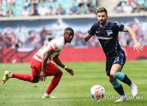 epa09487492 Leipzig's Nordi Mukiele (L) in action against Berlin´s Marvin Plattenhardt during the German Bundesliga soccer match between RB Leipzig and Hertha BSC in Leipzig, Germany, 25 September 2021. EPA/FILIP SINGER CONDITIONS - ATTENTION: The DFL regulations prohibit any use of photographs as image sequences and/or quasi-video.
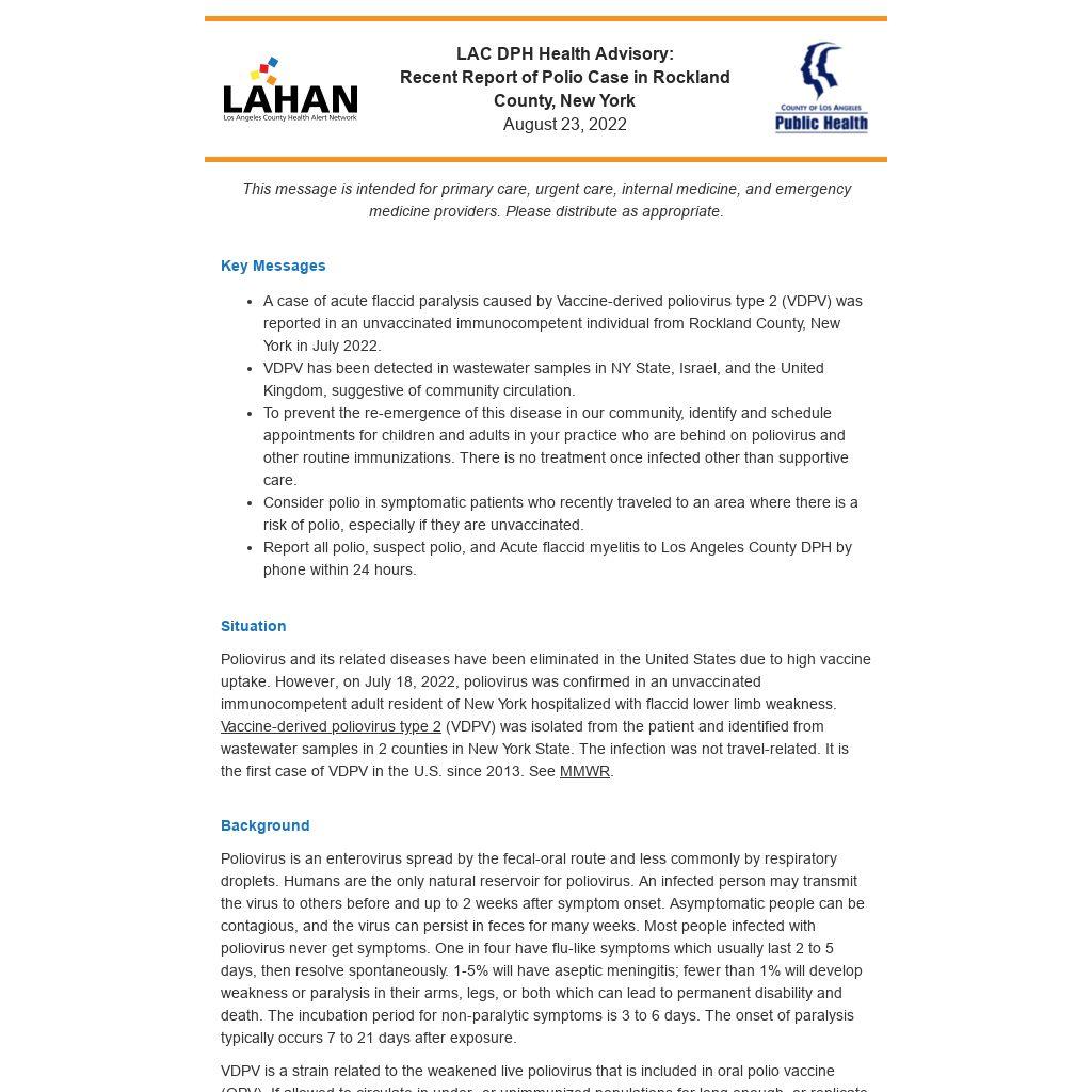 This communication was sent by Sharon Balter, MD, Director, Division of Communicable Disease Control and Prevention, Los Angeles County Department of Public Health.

* * *

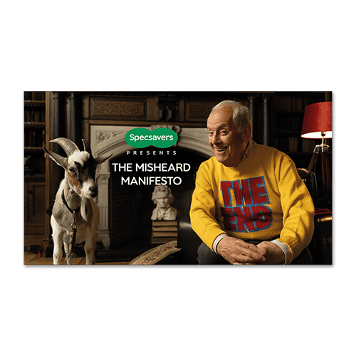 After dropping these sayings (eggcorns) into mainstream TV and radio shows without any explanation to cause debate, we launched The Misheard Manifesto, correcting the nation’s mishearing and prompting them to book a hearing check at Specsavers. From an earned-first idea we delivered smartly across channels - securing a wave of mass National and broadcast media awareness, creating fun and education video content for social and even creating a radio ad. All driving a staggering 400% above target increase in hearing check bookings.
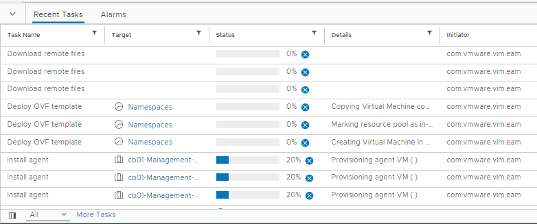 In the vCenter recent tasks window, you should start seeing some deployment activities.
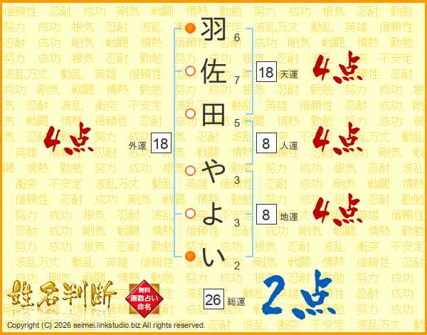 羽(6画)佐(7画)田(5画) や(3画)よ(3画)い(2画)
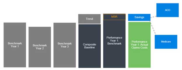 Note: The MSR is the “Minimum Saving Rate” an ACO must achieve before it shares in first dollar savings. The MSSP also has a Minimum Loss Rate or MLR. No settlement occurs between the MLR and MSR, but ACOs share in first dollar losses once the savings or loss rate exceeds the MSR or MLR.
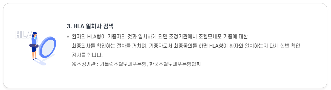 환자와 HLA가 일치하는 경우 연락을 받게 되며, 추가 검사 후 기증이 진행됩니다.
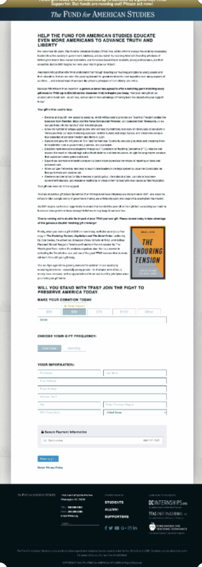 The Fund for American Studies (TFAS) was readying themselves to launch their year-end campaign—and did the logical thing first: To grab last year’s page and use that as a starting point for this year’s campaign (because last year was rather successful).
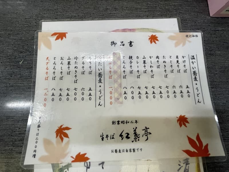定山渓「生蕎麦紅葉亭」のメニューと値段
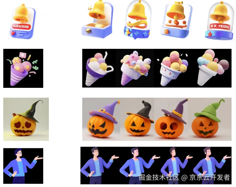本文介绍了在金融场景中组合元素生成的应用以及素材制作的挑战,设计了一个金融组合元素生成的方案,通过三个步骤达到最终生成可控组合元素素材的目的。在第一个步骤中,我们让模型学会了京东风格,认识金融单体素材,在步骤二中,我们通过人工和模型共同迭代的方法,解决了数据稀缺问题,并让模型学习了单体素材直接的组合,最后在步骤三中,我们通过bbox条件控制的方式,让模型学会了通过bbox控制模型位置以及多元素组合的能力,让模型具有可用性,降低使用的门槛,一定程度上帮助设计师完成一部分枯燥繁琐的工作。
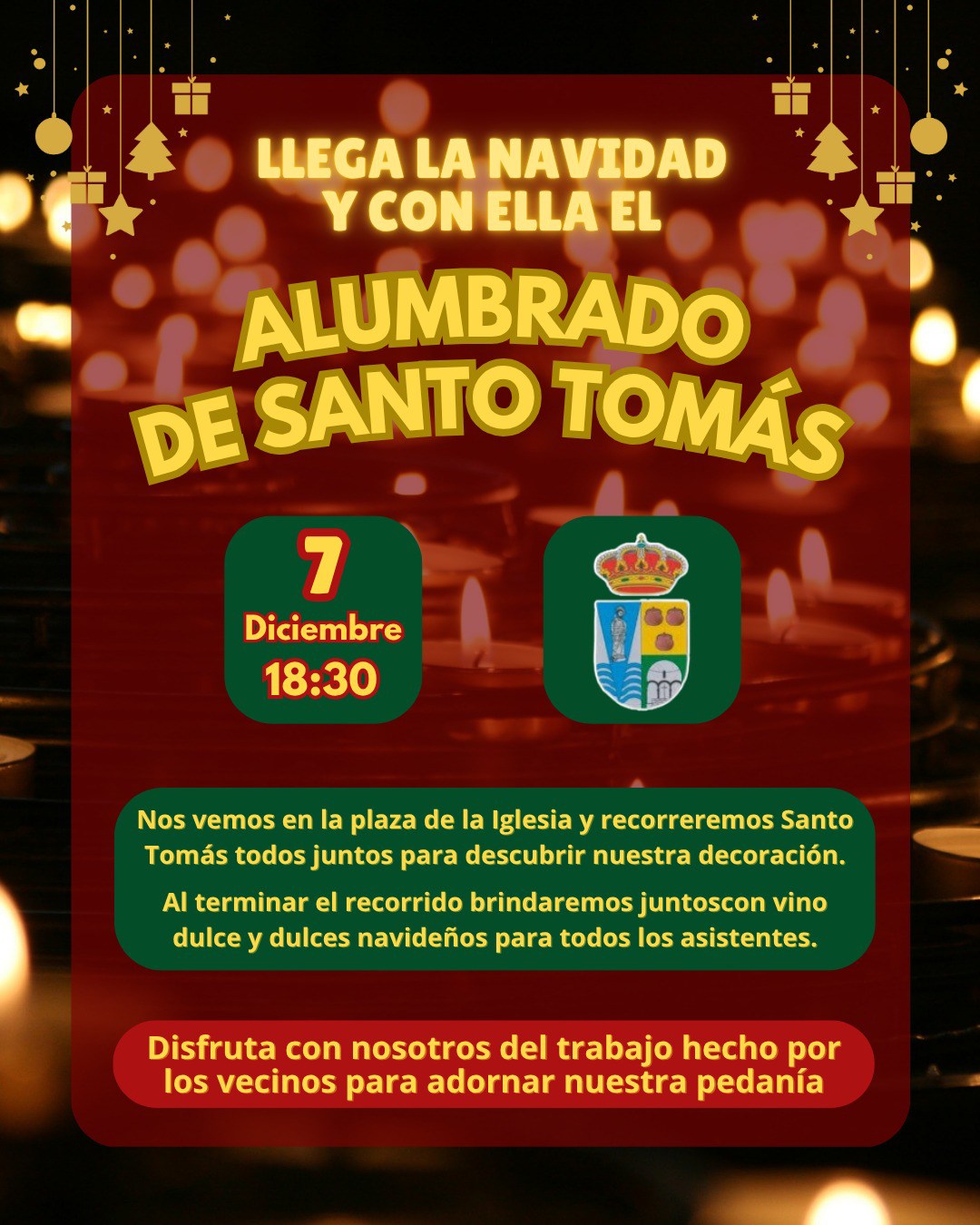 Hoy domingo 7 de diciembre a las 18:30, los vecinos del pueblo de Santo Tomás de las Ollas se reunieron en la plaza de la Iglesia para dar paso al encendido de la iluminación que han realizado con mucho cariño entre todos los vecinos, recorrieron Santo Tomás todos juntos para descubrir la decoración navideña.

==

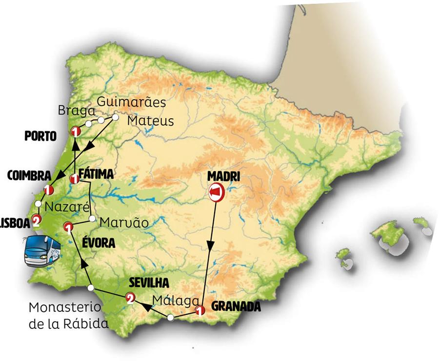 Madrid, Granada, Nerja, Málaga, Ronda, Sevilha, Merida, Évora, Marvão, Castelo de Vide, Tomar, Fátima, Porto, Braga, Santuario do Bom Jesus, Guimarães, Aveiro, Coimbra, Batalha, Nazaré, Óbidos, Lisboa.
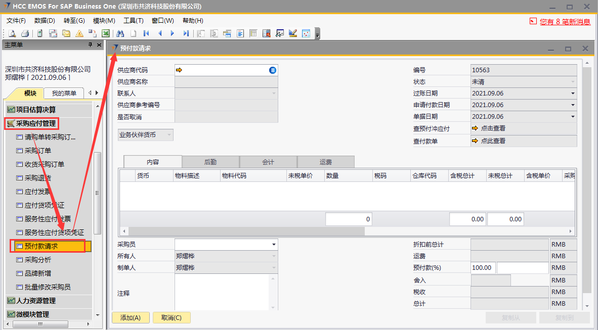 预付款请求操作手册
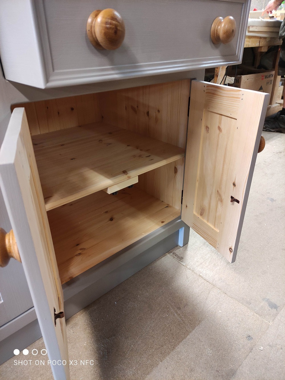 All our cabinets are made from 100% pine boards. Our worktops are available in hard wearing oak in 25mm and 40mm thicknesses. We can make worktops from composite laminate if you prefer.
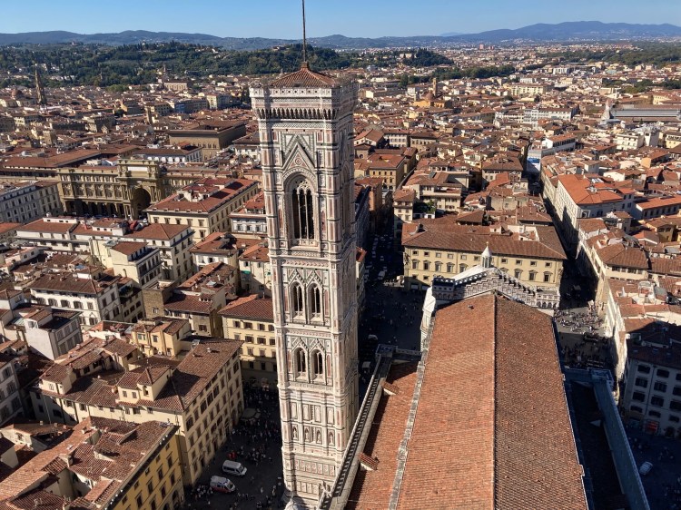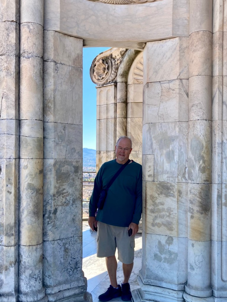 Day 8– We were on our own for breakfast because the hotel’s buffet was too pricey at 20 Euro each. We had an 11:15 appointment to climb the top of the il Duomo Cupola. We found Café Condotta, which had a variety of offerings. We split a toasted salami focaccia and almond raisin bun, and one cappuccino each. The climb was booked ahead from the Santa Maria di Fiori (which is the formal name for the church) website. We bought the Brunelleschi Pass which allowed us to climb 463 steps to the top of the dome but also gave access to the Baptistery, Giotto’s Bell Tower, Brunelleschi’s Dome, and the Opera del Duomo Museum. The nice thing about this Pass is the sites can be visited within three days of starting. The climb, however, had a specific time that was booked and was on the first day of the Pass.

■ Exercise prompt ■
Within these entries, output exactly the lines starting at the one with "After dropping these" and finishing at the one with "羽(6画)佐(7画)田(5画) や(3画)よ(3画)い(2画)". Leave pictures out of the output.

■ Solution for this task ■
 After dropping these sayings (eggcorns) into mainstream TV and radio shows without any explanation to cause debate, we launched The Misheard Manifesto, correcting the nation’s mishearing and prompting them to book a hearing check at Specsavers. From an earned-first idea we delivered smartly across channels - securing a wave of mass National and broadcast media awareness, creating fun and education video content for social and even creating a radio ad. All driving a staggering 400% above target increase in hearing check bookings.
 In the vCenter recent tasks window, you should start seeing some deployment activities.
 羽(6画)佐(7画)田(5画) や(3画)よ(3画)い(2画)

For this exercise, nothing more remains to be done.